The staff met with all the Republican candidates who campaigned in Iowa. We have shared impressions from these meetings on the Opinion pages over the past few months.

Endorsements are the culmination of a long process. Last week, the editorial board met and worked to reach a consensus.

Members of the board are Laura Hollingsworth, the Register’s publisher and president; Rick Green, editor and vice president; Randy Evans, editorial page editor; and editorial writers Rox Laird and Andie Dominick. No one else at the newspaper attends this meeting or has any say in our endorsements.

As always, candidates who receive the Register’s nod receive no special consideration in subsequent news coverage or editorials.

In fact, we run our endorsements shortly before an election or caucus and later than many newspapers. That allows us to take full measure of candidates as their campaigns unfold, the same way other Iowans do.

So again today this newspaper is doing what we’ve done for almost 25 years: being part of the dialogue of democracy.
Thanks for reading.

— Editorial page staff

SNAPSHOTS FROM OUR INTERVIEWS

The Des Moines Register’s editorial board met with all of the candidates competing in next month’s Iowa caucuses with the exception of Jon Huntsman, who never responded to our invitation.
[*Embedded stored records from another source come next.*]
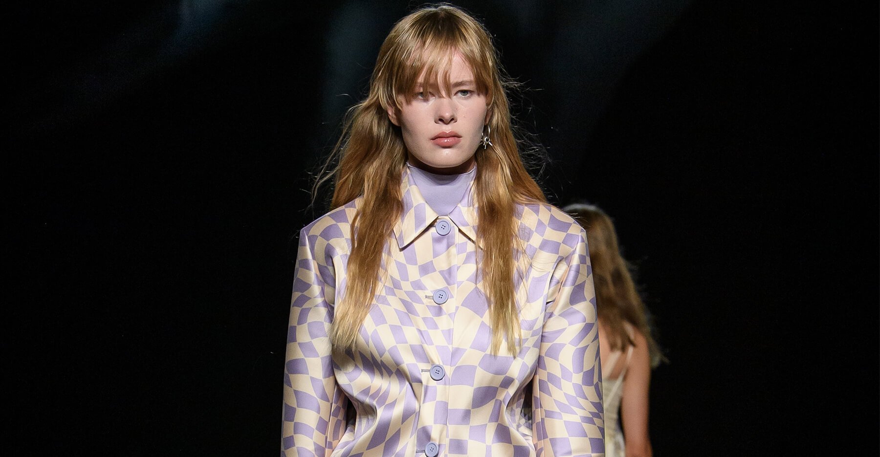 If debutants went to raves they might wear Sportmax SS23. The collection riffed on the swags and drapes of old school gowns but reimagined them for acid house aficionados. Bustle-back satin skirts were worn low-slung on the hips, with psychedelic crop tops to show acres of midriff. That look was also shown as unisex – a first for Sportmax.
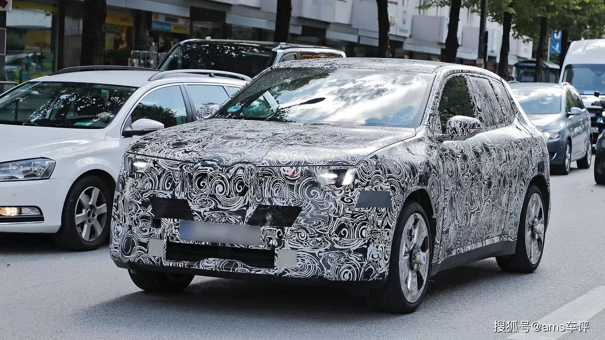 从伪装测试车的照片来看,代号NB5的全新iX1延续了iX3的设计语言,但通过更紧凑的车身比例实现了差异化。新车采用短前后悬设计,车身高度较现款有所降低,轮拱线条也更为收敛。隐藏式门把手、窗外三角区后视镜等细节与iX3保持一致,车尾则通过向尾门内部延伸的灯组营造出宽体视觉效果。有别于iX3将牌照框置于后包围的设计,iX1选择将牌照框集成在尾门上,配合柔和的尾部线条,整体风格更显精致。车头部分,标志性的双肾格栅进一步收窄并向发动机舱盖延伸,两侧被纤细的LED灯组环绕,形成极具辨识度的前脸造型。
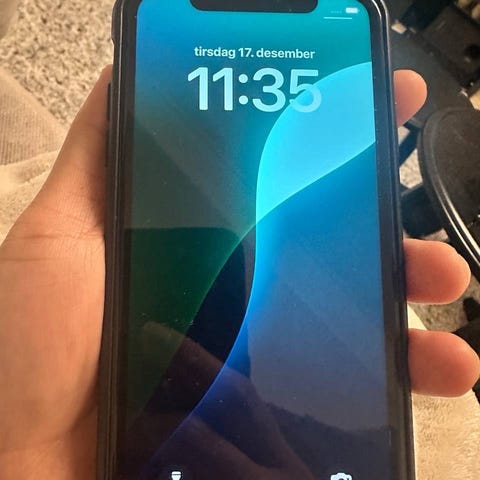 Svart Apple iPhone 11 mobiltelefon med 128 GB lagringskapasitet. Telefonen er godt brukt, men alt fungerer som vanlig. 77% batterikapasitet. Det er noen små merker nede på sidene, men de er nesten ikke synlige og har ingenting å si for funksjonen til telefonen (kan også dekkes opp med deksel)
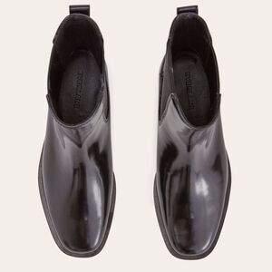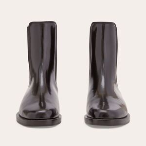This piece features a classic Chelsea silhouette, side elastic, welting detail with soft square toe, and padded insole for comfort in thick leather with an elevated shine.
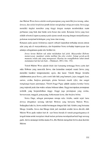 dirinya diinginkan seorang laki-laki Hobone yang bernama Malom Woss.
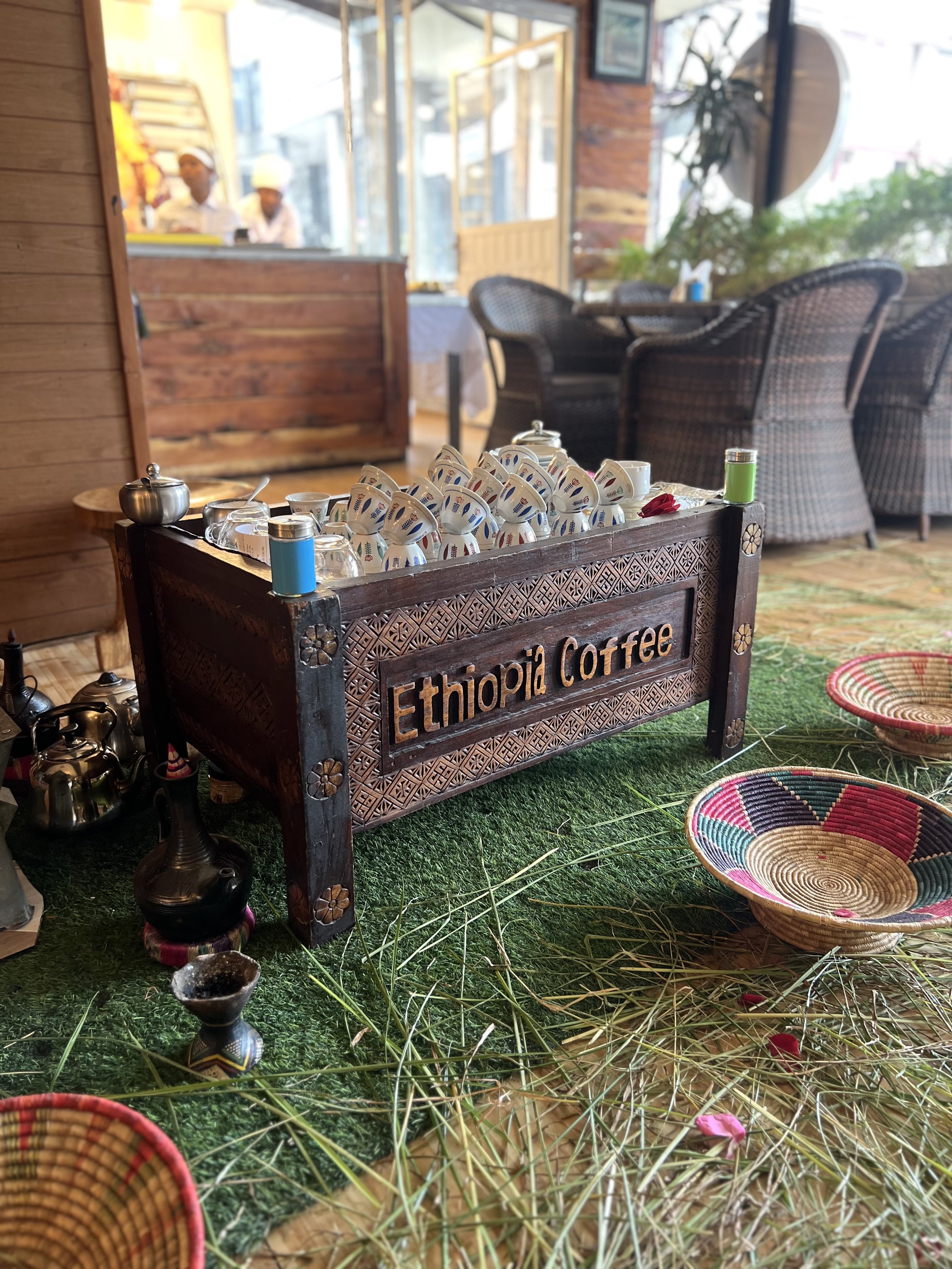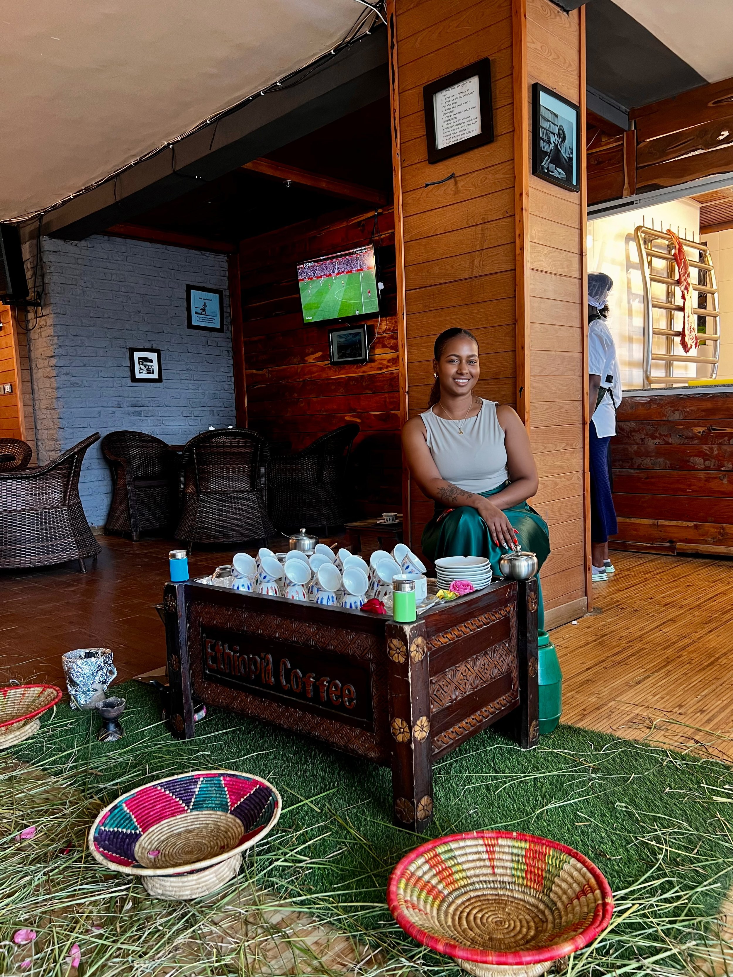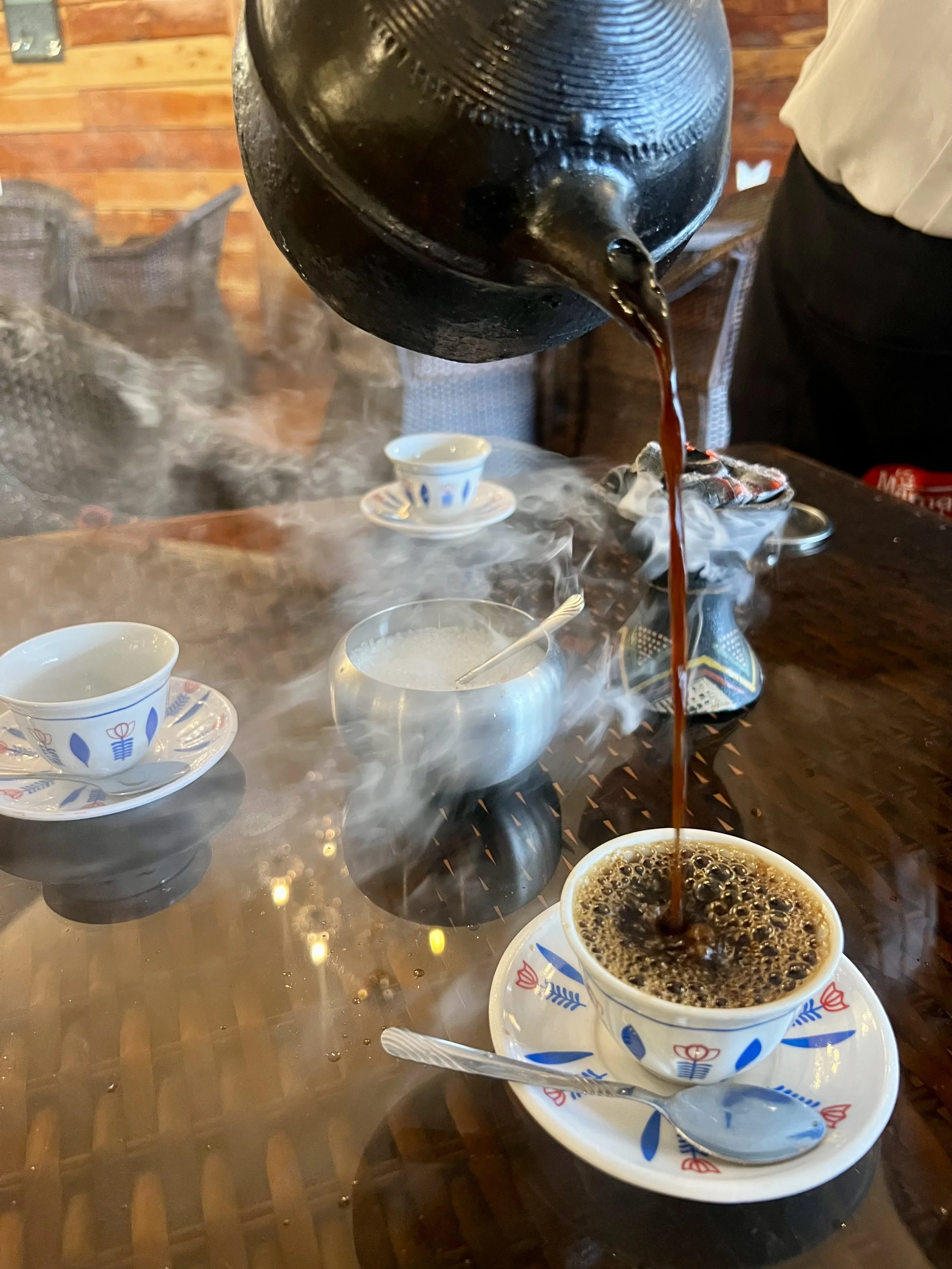 Joe drove us straight to Mama's Kitchen in Bole Medhanialem, where our tour began the only way it rightfully could — with an Ethiopian coffee ceremony.

You can view videos of those meetings here.

After each editorial board meeting, we published essays we call “Impressions of the Candidates” on the Register’s Opinion page. Here are snapshots of those essays.

Michele Bachmann virtually sprinted through the newsroom and talked at an equally rapid clip. She unapologetically reeled off a litany of tea party ideals, including abolishing Great Society programs, shrinking government and eliminating the entire federal tax code (though she wants even poor people to pay taxes). Overall impression: An impressive fireball who can absorb and regurgitate tons of information, even if some of it turns out to be inaccurate.

Gingrich was in his kinder if not gentler mode and made the case that he’s best equipped to cure what ails America. He says he’s the only candidate with ideas and the ability to execute them. Despite his divisive reputation, he said he’s changed and could bridge the partisan divide. Overall impression: Between the books he’s read and the books he’s written, Gingrich juggles endless ideas, but he has yet to make the case he could focus his attention on the important ones.

Ron Paul was on a libertarian streak that made clear his devotion to a strict reading of the Constitution. He would eliminate any laws not explicitly authorized in that document, along with the Federal Reserve and five Cabinet departments (all of which he can name). He insists these principles he’s held for 30 years make him the only true Republican. Overall impression: A well-schooled contrarian who shouldn’t be written off as a nut, even if some of his ideas are nutty.

Rick Perry did not wear cowboy boots, but his Texas drawl was distinct. Some of his points in were not, though, and his answers often rambled. He would administer the Texas tonic he’s administered there and replicate his state’s economic success nationally. He would make Congress part time, and he’d end what he sees a war on religion by judges and the current president. Overall impression: After some debate stumbles, he asks voters to take a second look, but it may take more than that.

Rick Santorum was most passionate about preserving marriage against attacks from gay couples. He also became animated about needing to sacrifice a few moose and drill for oil in Alaska. Beyond establishing moral values, he believes the government should mostly get out of the way and let Americans fend for themselves and free enterprise will flourish. Overall impression: He’d use the presidential bully pulpit to be the nation’s minister-in-chief.